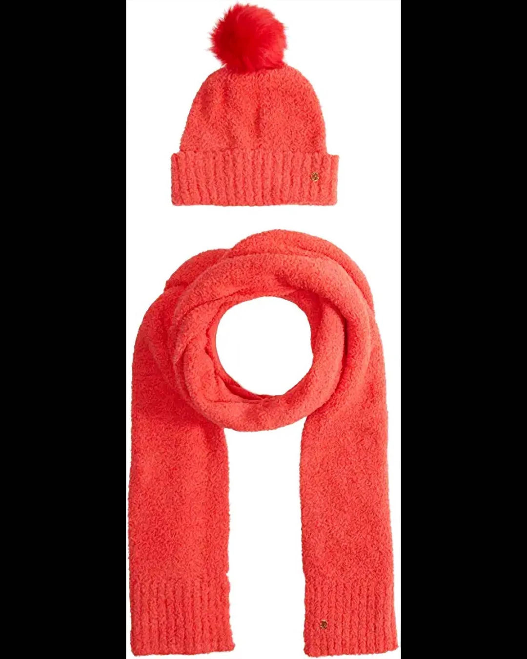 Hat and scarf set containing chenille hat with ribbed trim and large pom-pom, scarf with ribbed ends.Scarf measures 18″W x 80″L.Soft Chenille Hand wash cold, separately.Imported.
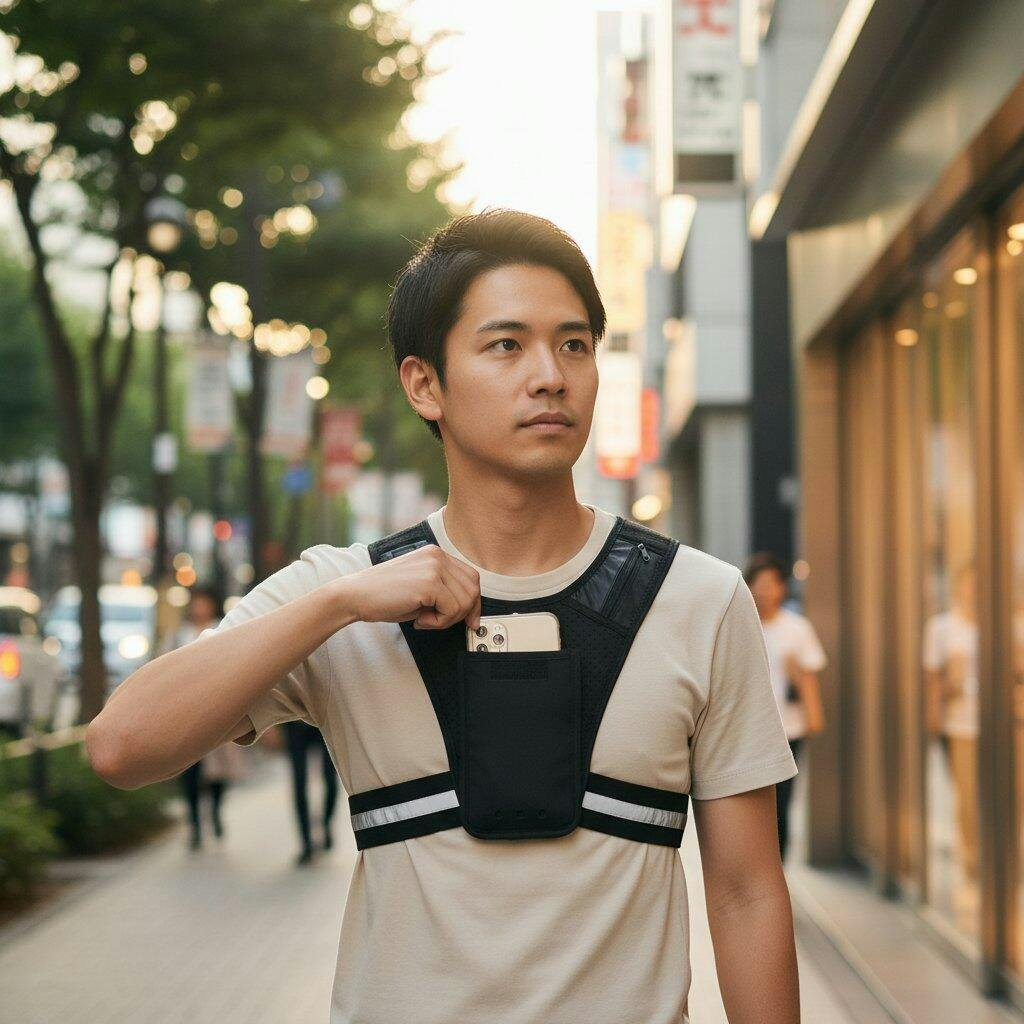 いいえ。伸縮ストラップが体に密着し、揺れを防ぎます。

+ + + + + + +

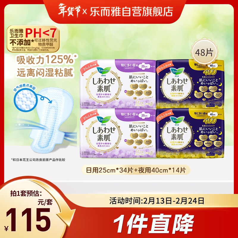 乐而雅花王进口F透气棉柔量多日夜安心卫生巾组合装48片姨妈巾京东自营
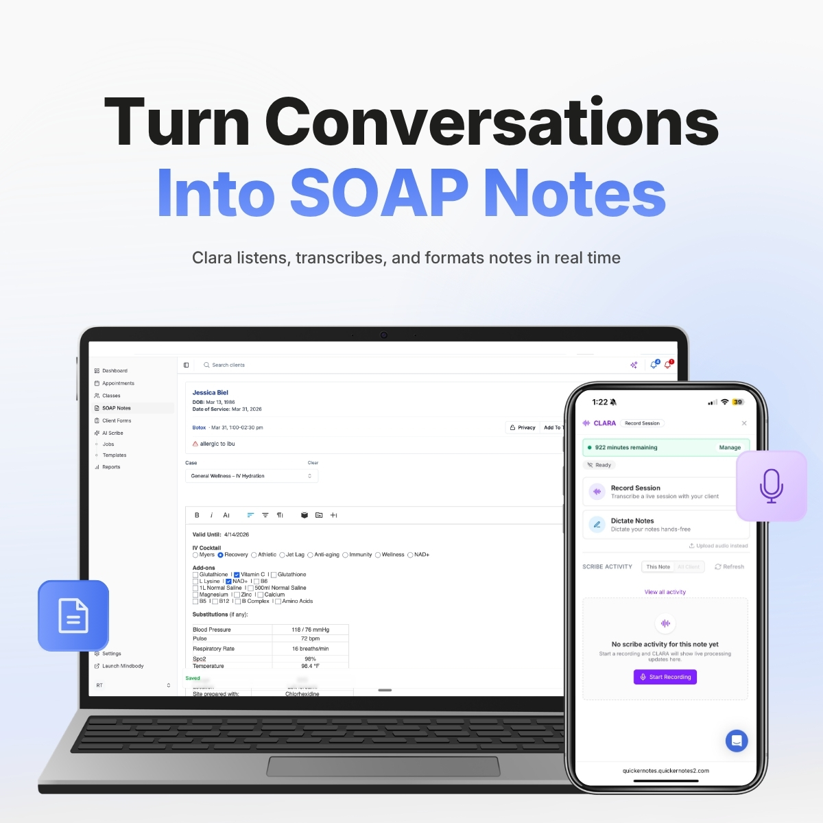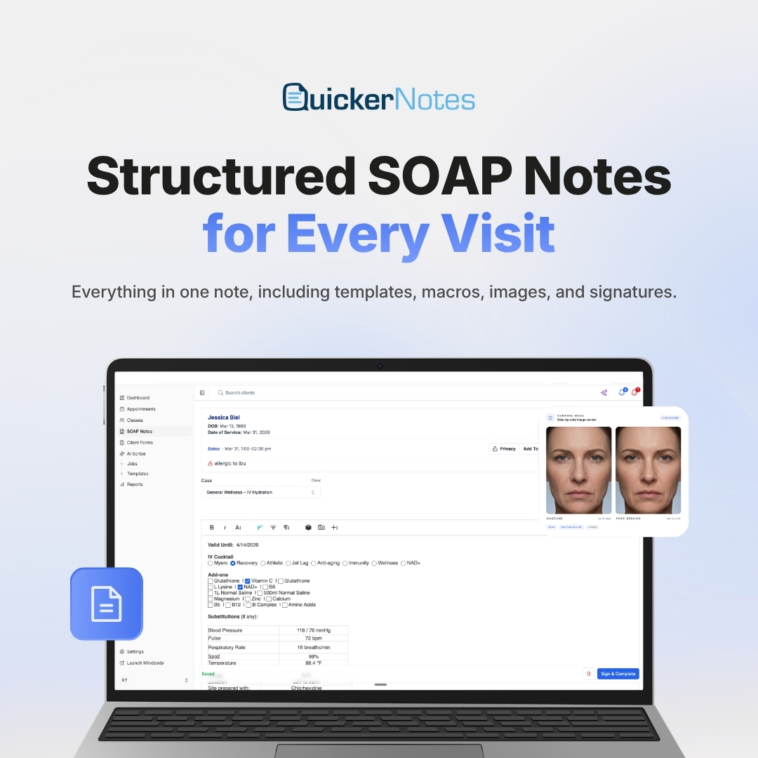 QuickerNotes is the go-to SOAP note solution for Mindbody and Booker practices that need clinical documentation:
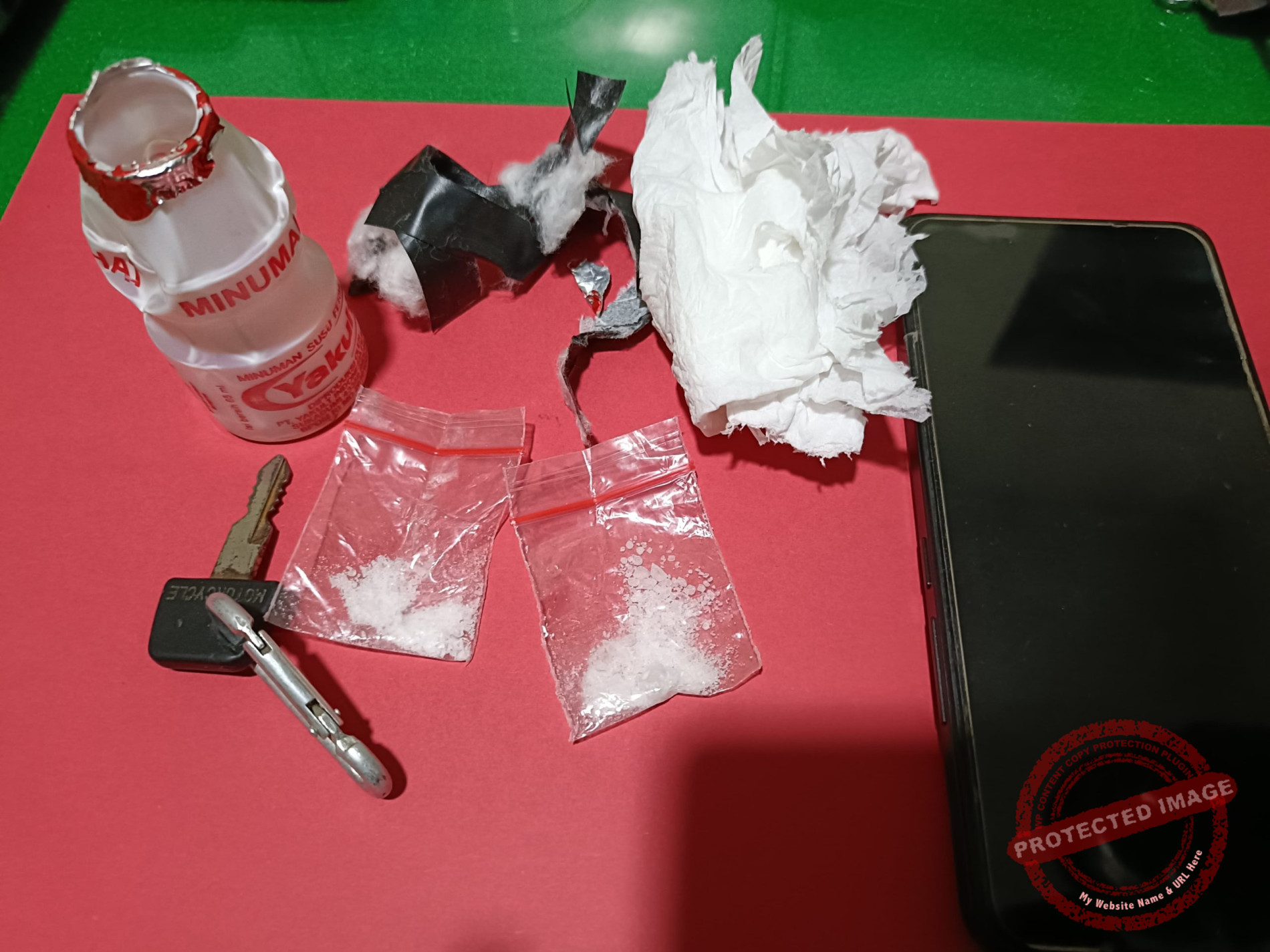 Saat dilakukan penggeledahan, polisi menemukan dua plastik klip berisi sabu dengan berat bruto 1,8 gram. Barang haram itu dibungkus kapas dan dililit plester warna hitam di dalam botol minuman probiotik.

+ + + + + + +

# AIM OF THE EXERCISE:
Output only the lines above from the one containing "乐而雅花王进口F透气棉柔量多日夜安心卫生巾组合装48片姨妈巾京东自营" to the one containing "Saat dilakukan penggeledahan, polisi", both included, exactly as written and with no pictures.

# ANSWER SECTION:
 乐而雅花王进口F透气棉柔量多日夜安心卫生巾组合装48片姨妈巾京东自营
 QuickerNotes is the go-to SOAP note solution for Mindbody and Booker practices that need clinical documentation:
 Saat dilakukan penggeledahan, polisi menemukan dua plastik klip berisi sabu dengan berat bruto 1,8 gram. Barang haram itu dibungkus kapas dan dililit plester warna hitam di dalam botol minuman probiotik.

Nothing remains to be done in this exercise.